===== INPUT FOR THIS TASK

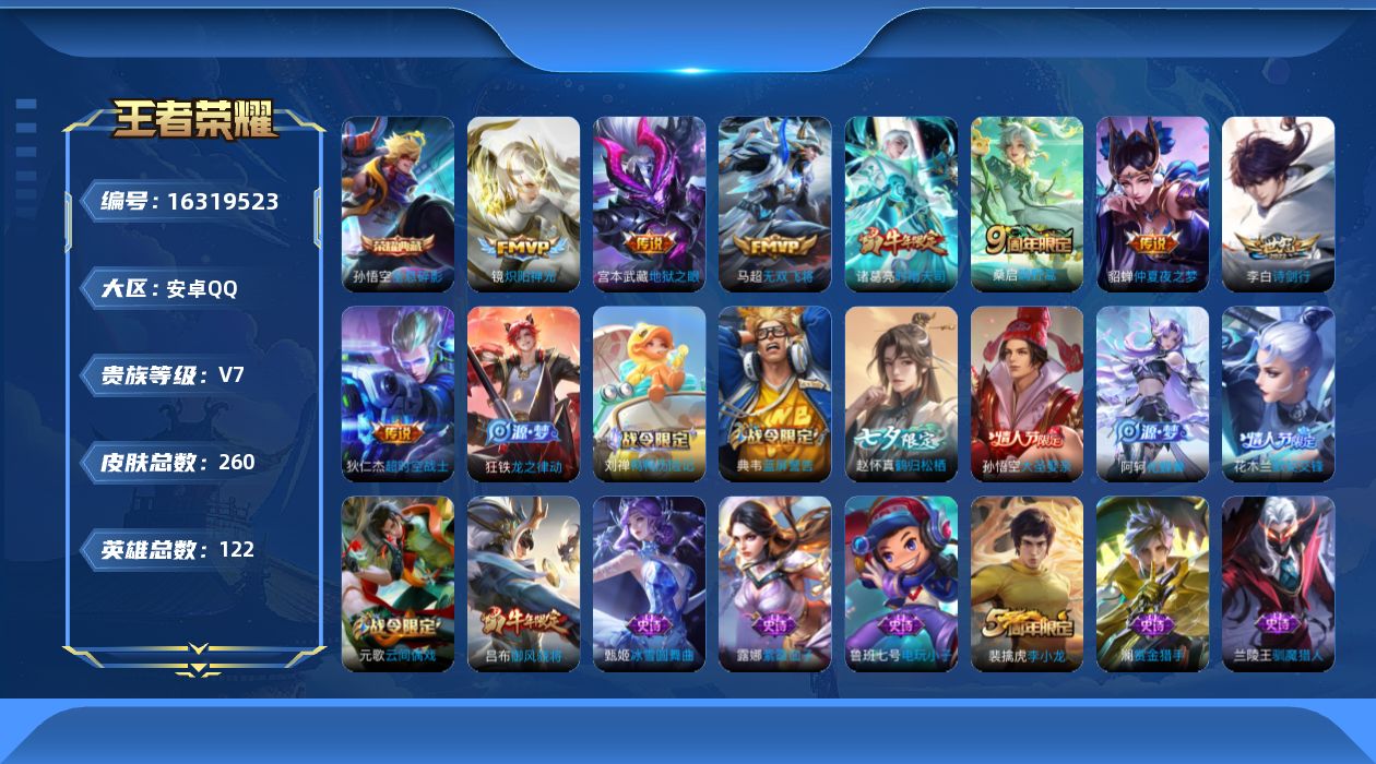[16319523]安卓q-v7-最强王者段位-122英雄-260皮肤-1典藏-0珍品无双-0无双-0珍品传说-8传说-68史诗 【荣耀典藏】:孙悟空全息碎影 【传说皮肤】:桑启鸣野蒿,李白诗剑行,马超无双飞将,诸葛亮时雨天司,镜炽阳神光,貂蝉仲夏夜之梦,宫本武藏地狱之眼,狄仁杰超时空战士 【限定皮肤】:白起狰,大乔绒语心约,姜子牙天穹之誓,杨戬破阵退雄兵,狄仁杰阴阳师,虞姬凯尔特女王,赵云皇家上将,嬴政白昼王子,鲁班七号狮舞东方,高渐离玩趣恶龙,芈月重明,吕布猎兽之王,吕布御风骁将,周瑜赤莲之焰,元歌云间偶戏,夏侯惇朔风刀,甄姬游园惊梦,曹操烛龙,典韦穷奇,典韦蓝屏警告,狄仁杰魔术师,狄仁杰万华元夜,达摩星际陆战队,项羽海滩派对,老夫子醍醐杖,程咬金演武夺筹,兰陵王驯魔猎人,花木兰默契交锋,亚瑟潮玩骑士王,孙悟空大圣娶亲,牛魔御旌,李元芳银河之约,钟馗神迹守卫,杨玉环遇见飞天,女娲朔望之晖,雅典娜单词大作战,蔡文姬繁星吟游,太乙真人饕餮,东皇太一逐梦之光,鬼谷子原初探秘者,诸葛亮时雨天司,苏烈千军破阵,百里玄策原初追逐者,弈星混沌棋,沈梦溪星空之诺,明世隐疑决卦,裴擒虎李小龙,裴擒虎擒涛扼浪,狂铁御狮,米莱狄御霄,云中君纤云弄巧,盾山御銮,上官婉儿梁祝,嫦娥拒霜思,蒙犽狂想玩偶喵,鲁班大师探海日志,桑启海盐诗旅,赵怀真鹤归松栖,阿古朵江河有灵,张良古海寻踪,蒙犽百解令,蒙恬荣光圣徽,鬼谷子天穹祈灯,伽罗琥珀纪元,刘邦剑破天穹,程咬金群星魔术团,镜青焰无极,项羽苍威无极,周瑜熔金海岸 【年限皮肤】:吕布御风骁将,诸葛亮时雨天司 【赛季限定】:白起狰,芈月重明,夏侯惇朔风刀,曹操烛龙,典韦穷奇,狄仁杰万华元夜,老夫子醍醐杖,程咬金演武夺筹,张良古海寻踪,牛魔御旌,虞姬凯尔特女王,太乙真人饕餮,鬼谷子原初探秘者,苏烈千军破阵,百里玄策原初追逐者,弈星混沌棋,明世隐疑决卦,裴擒虎擒涛扼浪,狂铁御狮,米莱狄御霄,盾山御銮,鲁班大师探海日志,桑启海盐诗旅,鬼谷子天穹祈灯,蒙恬荣光圣徽,刘邦剑破天穹,姜子牙天穹之誓 【战令限定】:嬴政白昼王子,鲁班七号狮舞东方,吕布猎兽之王,周瑜赤莲之焰,元歌云间偶戏,典韦蓝屏警告,达摩星际陆战队,兰陵王驯魔猎人,亚瑟潮玩骑士王,李元芳银河之约,钟馗神迹守卫,女娲朔望之晖,雅典娜单词大作战,沈梦溪星空之诺,蒙犽狂想玩偶喵,镜青焰无极,项羽苍威无极 【史诗皮肤】:
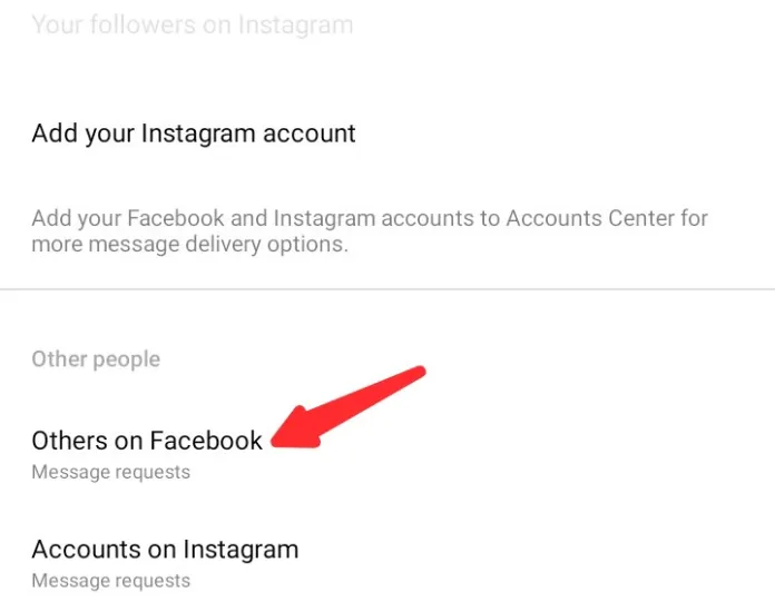 If you want to stop outsiders, who are not in any way connected to you, from sending you messages on Facebook, still under Message Delivery, you must scroll down to the Other People section. There you’ll find two options, “Others on Facebook,” and “Others on Instagram.” Tap on “Others on Facebook.”
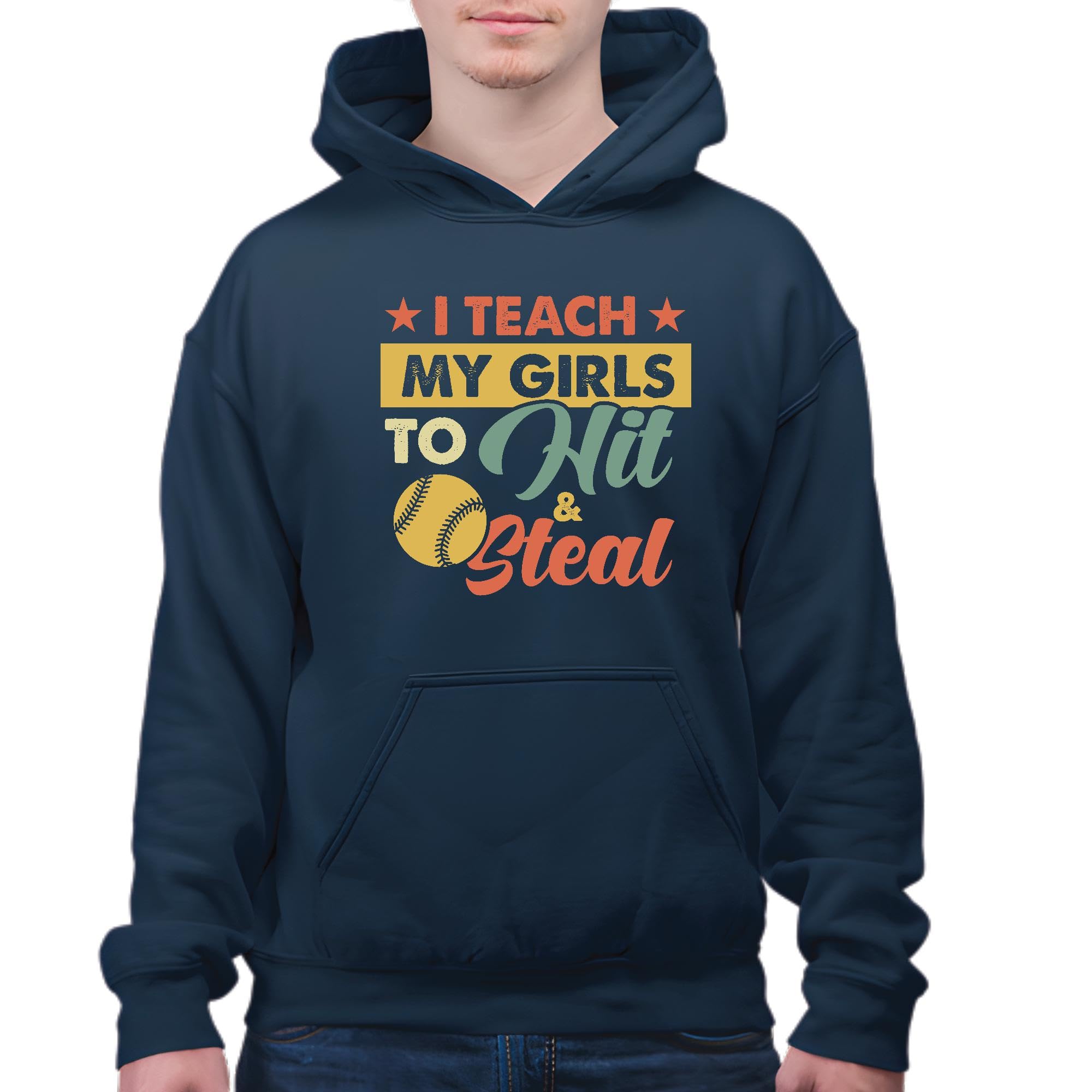 Softball Coaching Gift for Girls – Teach Them to Hit and Steal Navy and Muticolor Unisex Hoodie
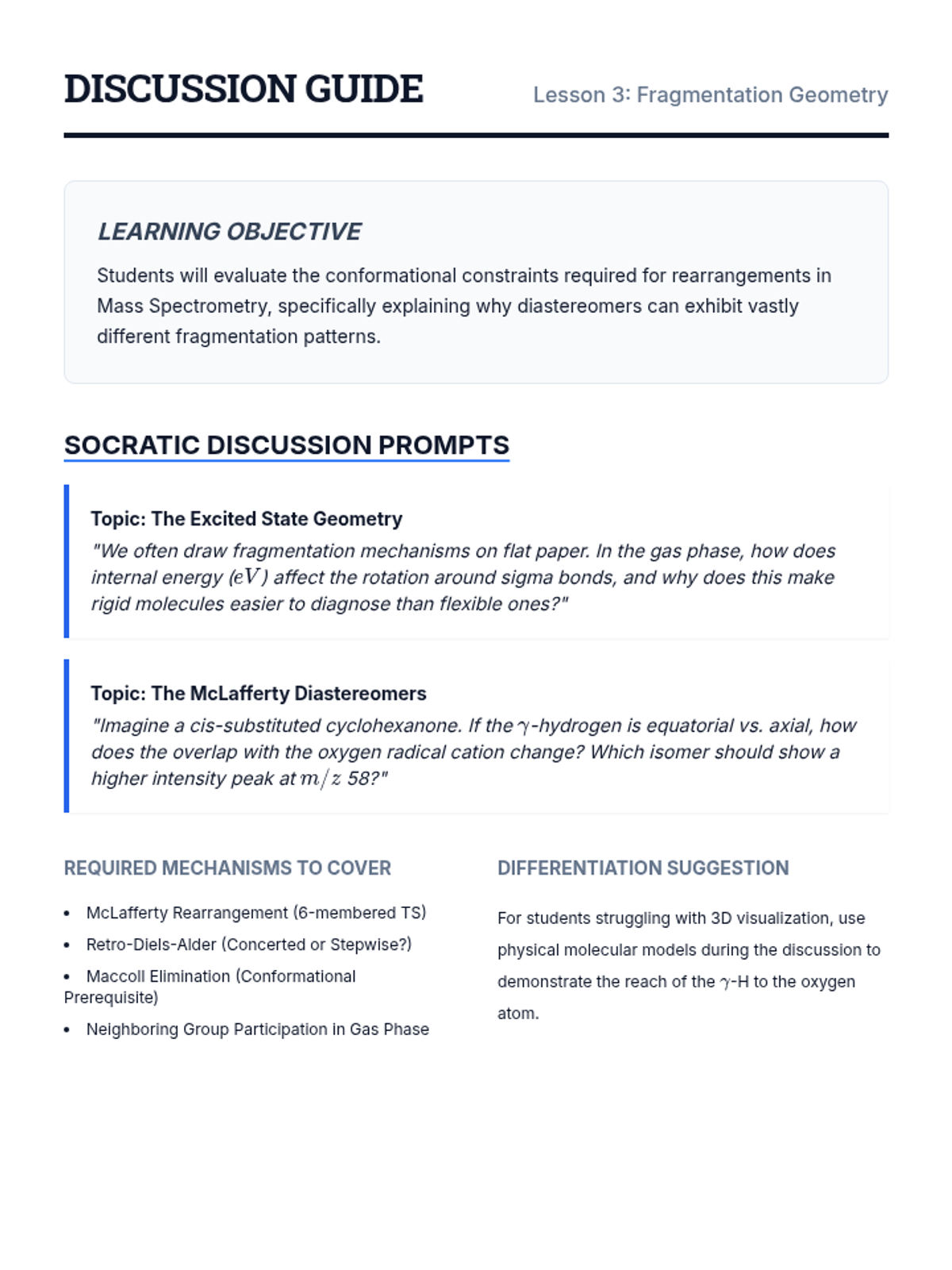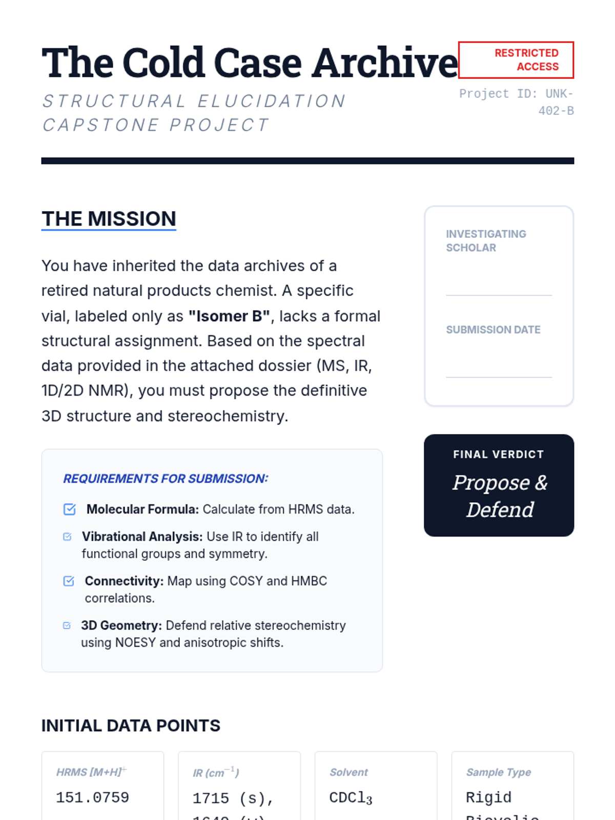 This graduate-level sequence focuses on the application of symmetry selection rules, 2D NMR techniques (NOE), and fragmentation mechanisms to determine the 3D structure and stereochemistry of complex molecules. Students move beyond basic spectral interpretation to synthesize data from multiple spectroscopic platforms to defend molecular geometry.
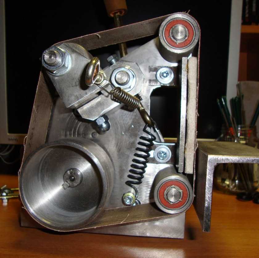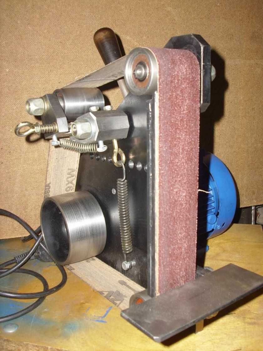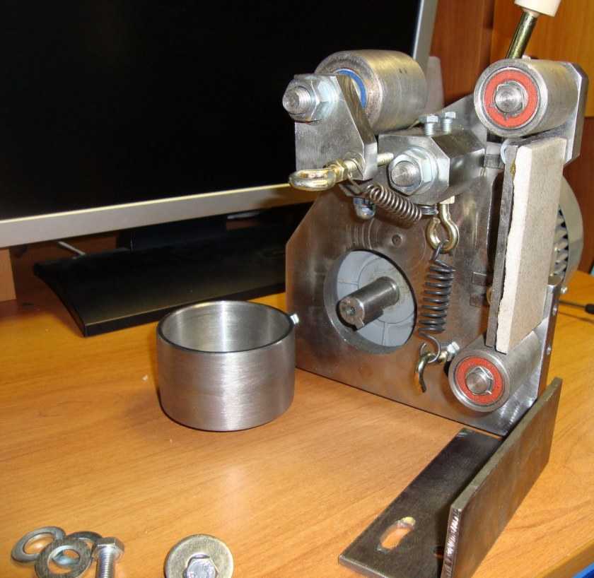У ленточного гриндера всегда можно увидеть пружину, которая необходима для того, чтобы обеспечивать автоматическое натяжение ленты-наждака. Если использовать такую пружину, то менять ленту будет очень удобно, а ее натяжение будет регулироваться автоматически. Следует сразу сказать, что менять ленту даже при обработке одного изделия необходимо будет несколько раз. Обработку любой металлической детали необходимо начинать с лентой с более крупным абразивом, постепенно меняя ее на более мелкую.
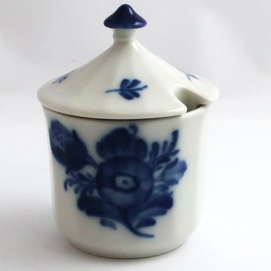 Porcelæn, Sennepskrukke Flettet Blå Blomst 10/8211, Royal Copenhagen
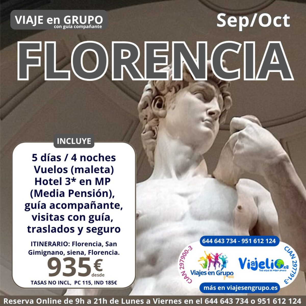 FLORENCIA 🍕 de Septiembre a Octubre (5 días/4 noches). Incluye: Vuelos 🛩 (maleta), Hotel 🏨 3 en MP (Media Pensión 🍝), guía acompañante 🙅♂️ y guía local, traslados 🚌 y seguro. Precio desde 💶 935€. . Más información y reserva aquí 👉 https:://viajesengrupo.es/whatsapp #florencia #italia #viajesengrupo #viajelio #travel
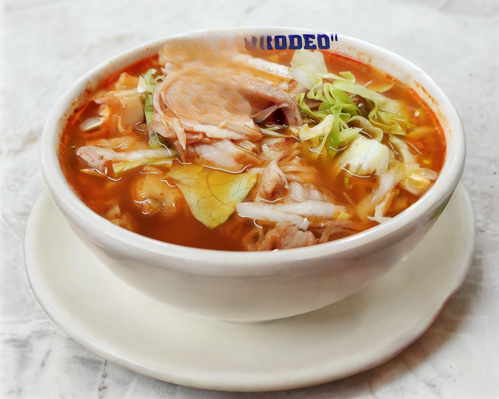 Maíz, orégano, pierna de puerco, acompañado de 2 tostadas.

==========

- **ACTION ITEM**: The required output is the exact lines from the opening line of the entries through the line with "This graduate-level sequence", inclusive, without pictures.

- **TASK ANSWER**:
[16319523]安卓q-v7-最强王者段位-122英雄-260皮肤-1典藏-0珍品无双-0无双-0珍品传说-8传说-68史诗 【荣耀典藏】:孙悟空全息碎影 【传说皮肤】:桑启鸣野蒿,李白诗剑行,马超无双飞将,诸葛亮时雨天司,镜炽阳神光,貂蝉仲夏夜之梦,宫本武藏地狱之眼,狄仁杰超时空战士 【限定皮肤】:白起狰,大乔绒语心约,姜子牙天穹之誓,杨戬破阵退雄兵,狄仁杰阴阳师,虞姬凯尔特女王,赵云皇家上将,嬴政白昼王子,鲁班七号狮舞东方,高渐离玩趣恶龙,芈月重明,吕布猎兽之王,吕布御风骁将,周瑜赤莲之焰,元歌云间偶戏,夏侯惇朔风刀,甄姬游园惊梦,曹操烛龙,典韦穷奇,典韦蓝屏警告,狄仁杰魔术师,狄仁杰万华元夜,达摩星际陆战队,项羽海滩派对,老夫子醍醐杖,程咬金演武夺筹,兰陵王驯魔猎人,花木兰默契交锋,亚瑟潮玩骑士王,孙悟空大圣娶亲,牛魔御旌,李元芳银河之约,钟馗神迹守卫,杨玉环遇见飞天,女娲朔望之晖,雅典娜单词大作战,蔡文姬繁星吟游,太乙真人饕餮,东皇太一逐梦之光,鬼谷子原初探秘者,诸葛亮时雨天司,苏烈千军破阵,百里玄策原初追逐者,弈星混沌棋,沈梦溪星空之诺,明世隐疑决卦,裴擒虎李小龙,裴擒虎擒涛扼浪,狂铁御狮,米莱狄御霄,云中君纤云弄巧,盾山御銮,上官婉儿梁祝,嫦娥拒霜思,蒙犽狂想玩偶喵,鲁班大师探海日志,桑启海盐诗旅,赵怀真鹤归松栖,阿古朵江河有灵,张良古海寻踪,蒙犽百解令,蒙恬荣光圣徽,鬼谷子天穹祈灯,伽罗琥珀纪元,刘邦剑破天穹,程咬金群星魔术团,镜青焰无极,项羽苍威无极,周瑜熔金海岸 【年限皮肤】:吕布御风骁将,诸葛亮时雨天司 【赛季限定】:白起狰,芈月重明,夏侯惇朔风刀,曹操烛龙,典韦穷奇,狄仁杰万华元夜,老夫子醍醐杖,程咬金演武夺筹,张良古海寻踪,牛魔御旌,虞姬凯尔特女王,太乙真人饕餮,鬼谷子原初探秘者,苏烈千军破阵,百里玄策原初追逐者,弈星混沌棋,明世隐疑决卦,裴擒虎擒涛扼浪,狂铁御狮,米莱狄御霄,盾山御銮,鲁班大师探海日志,桑启海盐诗旅,鬼谷子天穹祈灯,蒙恬荣光圣徽,刘邦剑破天穹,姜子牙天穹之誓 【战令限定】:嬴政白昼王子,鲁班七号狮舞东方,吕布猎兽之王,周瑜赤莲之焰,元歌云间偶戏,典韦蓝屏警告,达摩星际陆战队,兰陵王驯魔猎人,亚瑟潮玩骑士王,李元芳银河之约,钟馗神迹守卫,女娲朔望之晖,雅典娜单词大作战,沈梦溪星空之诺,蒙犽狂想玩偶喵,镜青焰无极,项羽苍威无极 【史诗皮肤】:
 If you want to stop outsiders, who are not in any way connected to you, from sending you messages on Facebook, still under Message Delivery, you must scroll down to the Other People section. There you’ll find two options, “Others on Facebook,” and “Others on Instagram.” Tap on “Others on Facebook.”
 Softball Coaching Gift for Girls – Teach Them to Hit and Steal Navy and Muticolor Unisex Hoodie
 This graduate-level sequence focuses on the application of symmetry selection rules, 2D NMR techniques (NOE), and fragmentation mechanisms to determine the 3D structure and stereochemistry of complex molecules. Students move beyond basic spectral interpretation to synthesize data from multiple spectroscopic platforms to defend molecular geometry.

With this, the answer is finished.